Скоби стало зябко и как-то не по себе. По спине пробежали мурашки.
— А я не могу пойти вместо вас? — спросил он.
— Вы шутите! — сказала миссис Боулс. — Разве вы умеете приготовлять лекарства? Я уйду всего на несколько минут. Позовите меня, если у ребенка начнется агония.

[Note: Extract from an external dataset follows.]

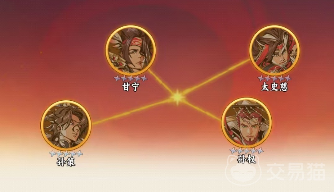 阵容构建方面,优先围绕“制霸江东”羁绊展开:孙权需与孙策、甘宁、太史慈共同上阵,达成四人组合。该羁绊生效后,前两回合全体暴击率提升;孙策首动触发“小霸王”效果;每回合开始时四人各叠加1层“制霸”状态,同步提供增伤与减伤双重属性加成,实现攻防一体的全局强化。另一重要羁绊“关东诸侯”建议同步激活,推荐配置为曹操、刘备、袁绍三人。该组合开场即为全体友军附加“同辉”效果,提升伤害输出;且只要曹操存活,每回合均可对敌方施加“压制”,削弱其受到的治疗效果,形成有效反制。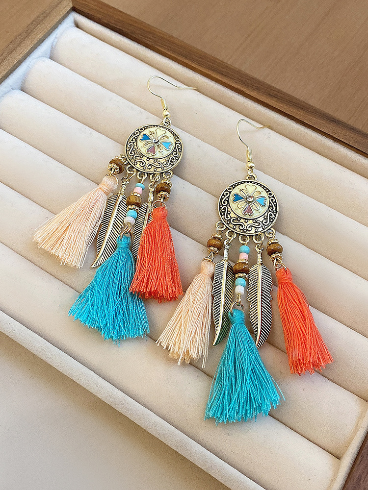 보헤미안 꽃 잎 술 귀걸이 빈티지 틈새 하이 엔드 독특한 올 매치 귀걸이 절묘한 귀걸이

Если бы она дала ему опомниться, он придумал бы какую-нибудь отговорку, но она тут же ушла, и он тяжело опустился на стул. Взглянув на девочку, он увидел у нее на голове белое покрывало для первого причастия: это была игра теней на подушке и игра его воображения. Он отвел глаза и опустил голову на руки. Он был тогда в Африке и не видел, как умер его ребенок. Он всегда благодарил бога за то, что избежал этого испытания. Но, кажется, в жизни ничего не удается избежать. Если хочешь быть человеком, надо испить чашу до дна. Пусть сегодня она тебя миновала, — завтра ты сам трусливо ее избежал — все равно, тебе непременно поднесут ее в третий раз. И он помолился, все еще закрывая ладонями лицо: «Боже, не дай ничему случиться, пока не придет миссис Боулс». Он слышал дыхание ребенка, тяжелое, неровное, словно тот нес в гору непосильную ношу; мучительно было сознавать, что ты не можешь снять с него это бремя. Он подумал все, у кого есть дети, обречены чувствовать такие муки непрестанно, а я не могу вынести их даже несколько минут. Родители ежечасно дрожат за жизнь своих детей. «Защити ее, отче. Ниспошли ей покой». Дыхание прервалось, стихло и опять возобновилось с мучительным усилием. Между пальцами ему было видно, как лицо ребенка искажается от натуги, словно лицо грузчика. «Отче, ниспошли ей покой, — молил он. — Лиши меня покоя навеки, но ей даруй покой». На ладонях у него выступил пот.
— Папа…
Он услышал, как слабый, прерывающийся голосок повторил «папа», и, отведя руки, встретил взгляд голубых воспаленных глаз. Он с ужасом подумал: вот оно, то, чего я, казалось, избежал. Он хотел позвать миссис Боулс, но у него отнялся язык. Грудь ребенка вздымалась, ловя воздух, чтобы повторить короткое слово «папа». Он нагнулся над кроватью и сказал:
— Да, детка. Помолчи, я здесь, с тобой.
Свеча отбросила на одеяло тень его сжатого кулака, и та привлекла взгляд девочки. Ей стало смешно, но она только скорчилась и не смогла рассмеяться. Скоби поспешно убрал руку.
— Спи, детка, — сказал он, — тебе ведь хочется спать. Спи. — В памяти возникло воспоминание, которое он, казалось, глубоко похоронил; Скоби вынул носовой платок, свернул его, и на подушку упала тень зайчика. — Вот тебе зайчик, он заснет с тобой. Он побудет с тобой, пока ты спишь. Спи. — Пот градом катился у него по лицу и оставлял во рту вкус соли, вкус слез. — Спи.
Заяц шевелил и шевелил ушами: вверх — вниз, вверх — вниз.
Вдруг Скоби услышал за спиной негромкий голос миссис Боулс.
— Перестаньте, — отрывисто сказала она. — Ребенок умер.